Sunflower stalk pith (SSP), as the primary byproducts of sunflower processing industry, are composed of a high content of pectin (15–20%) and cellulose (35–45%) and a low content of hemicellulose (5–10%) and lignin (3–5%) [7, 8]. Herein, pectin is a structural hetero-polysaccharide contained in the primary cell walls of terrestrial plants, mostly vegetables and fruits . Pectin is well known as stabilizers in food industries due to its ability to gel and give viscosity, and the use of pectin in food formulations or pharmaceuticals industry has beneficial effects on human health such as stimulating the immune response, reduces the cholesterol absorption in the blood and lower cancer risk [10, 11]. These benefits lead to a high price that exceeded $21/kg, justifying the search for new raw pectin-extraction materials; therefore, the extraction of high value-added pectin products from SSP can potentially increase the commercial value of sunflower processing industry . In general, the commercial pectin is recovered using acidic hot water with mineral acids, such as HCl and H2SO4, at a mild temperature range of 60–90 °C with a low pH condition [12, 13]. After the pectin has been extracted, a large amount of cellulose (a polymer composed of repeating units of glucose) is still retained in the remaining solids, and it can be hydrolyzed enzymatically to glucose, which is easily transformed to the other value-added biochemicals .
However, the processing of mildly acidic extraction of pectin cannot render cellulose accessible by subsequent enzymatic activities. It is also essential to develop an integrative and efficient process to disrupt the lignocellulosic matrix of biomass and render cellulose more accessible to further enzymatic attack . Among various pretreatments, dilute acid hydrolysis is the most frequently studied process for biomass, and it has been regarded as a suitable and the most feasible technology for bioethanol production on an industrial scale . Therefore, considering it comprehensively, a two-step biorefinery concept was proposed via multiple product formation by (i) a slightly acidic extraction process using dilute H2SO4 as a solvent to break the SPP cell walls to release pectin by offering disruptive shear forces; and (ii) a reinforced acidic treatment process for pectin-extracted solids using dilute H2SO4, which can boost the enzymatic hydrolysis efficiency (Additional file 1: S1).
Results and discussion
Pectin extraction from sunflower pith with acid, alkali and enzyme
In order to squeeze the maximum quantity of pectin products from sunflower pith materials, acidic- (pH 2.0, 90 °C and 0.5–4.0 h), alkaline- (pH 10.0, 90 °C and 0.5–4.0 h) and enzymatic- (cellulase, pH 4.5, 50 °C and 2–12 h) extraction strategies were first compared in this study [17, 18]. The results from different extraction strategies are shown in Fig. 1a, b (Additional file 1: S2).
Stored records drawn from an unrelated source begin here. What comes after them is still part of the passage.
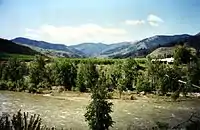 Methow was founded in 1889 by W.A. Bolinger when he moved his store from the former mining boom-town at Squaw Creek (approx. 4 miles south).[4] It is named after the Methow people, an Interior Salish people who lived in the area. The name "Methow" itself comes from the Okanagan placename /mətxʷú/, meaning "sunflower (seeds)". The unincorporated community has its own community center, post office, fire station, church, water system, and two parks. The Methow Store, originally built by W.A. Bolinger, is no longer in business as of 2009, nor is the town's restaurant. The town is one of the principal starting points for rafting along the Methow River.
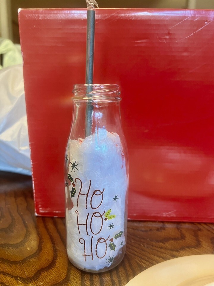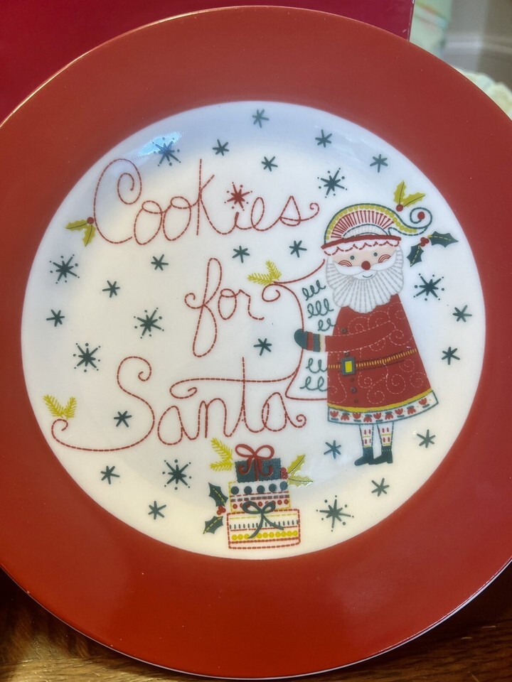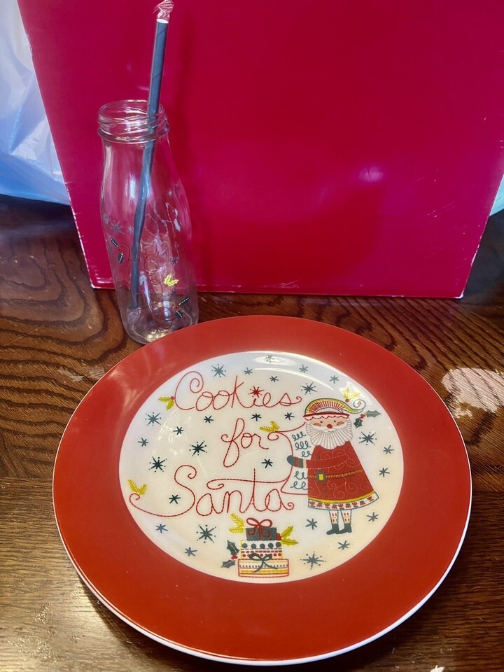 New Santa Snack Plate Milk Jar And Straw Set Santa's Cookie Plate Glass. Item is new, box is rough.
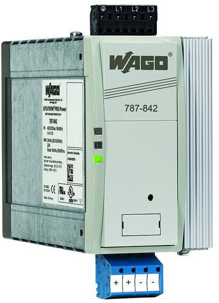 EPSITRON®-PRO-Power, primärgetaktet,mit Weitbereichseingang (AC 340-550V) und stabilisierter, einstellbarer Ausgangsspannung DC 24V, hoher Wirkungsgrad, integrierter PowerBoost (bis zu 100% mehr Ausgangsleistung für 4s) und TopBoost (zusätzlicher Ausgangsstrom von bis zu 60A für 50ms, zur ausgangsseitigen Absicherung mit klassischen Leitungsschutzschaltern)

They suggested that these methods could be used to extract pectin with a wide range of yield of 2.5–14.8%, and the maximum yield from acidic extraction is higher than that of alkaline and enzymatic extraction. It could be observed that the efficiency of pectin extraction by cellulase was lower than acid and alkali. Apparently, the extraction time was not satisfied to adequately release pectin, which resulted in a relatively low yield. Therefore, enzymatic extraction strategy is not suitable for industrial-scale pectin production because of the high costs of enzyme and time. Although the maximum pectin yields from acidic extraction and alkaline extraction were similar, it could be found that the average molecular weight (Mw) of alkali-extracted pectin sample (21.2 kDa, extraction time 2 h) was significantly lower than that of the acid-extracted pectin (33.2 kDa, extraction time 2 h) and cellulase-extracted pectin (31.5 kDa, extraction time 12 h). Since the pectin chain is degraded easily through a β-elimination reaction in the case of the alkaline condition, the Mw of alkali-extracted pectin was lower . Generally, the viscosity of pectin was positively correlated with the Mw and the high Mw pectin is more conducive to emulsifying activities. Overall, acidic extraction strategy is more suitable for extracting pectin from SSP materials and the sulfuric acid, as the most commonly used inorganic acid, owing to its low cost, was used for pectin extraction in this study.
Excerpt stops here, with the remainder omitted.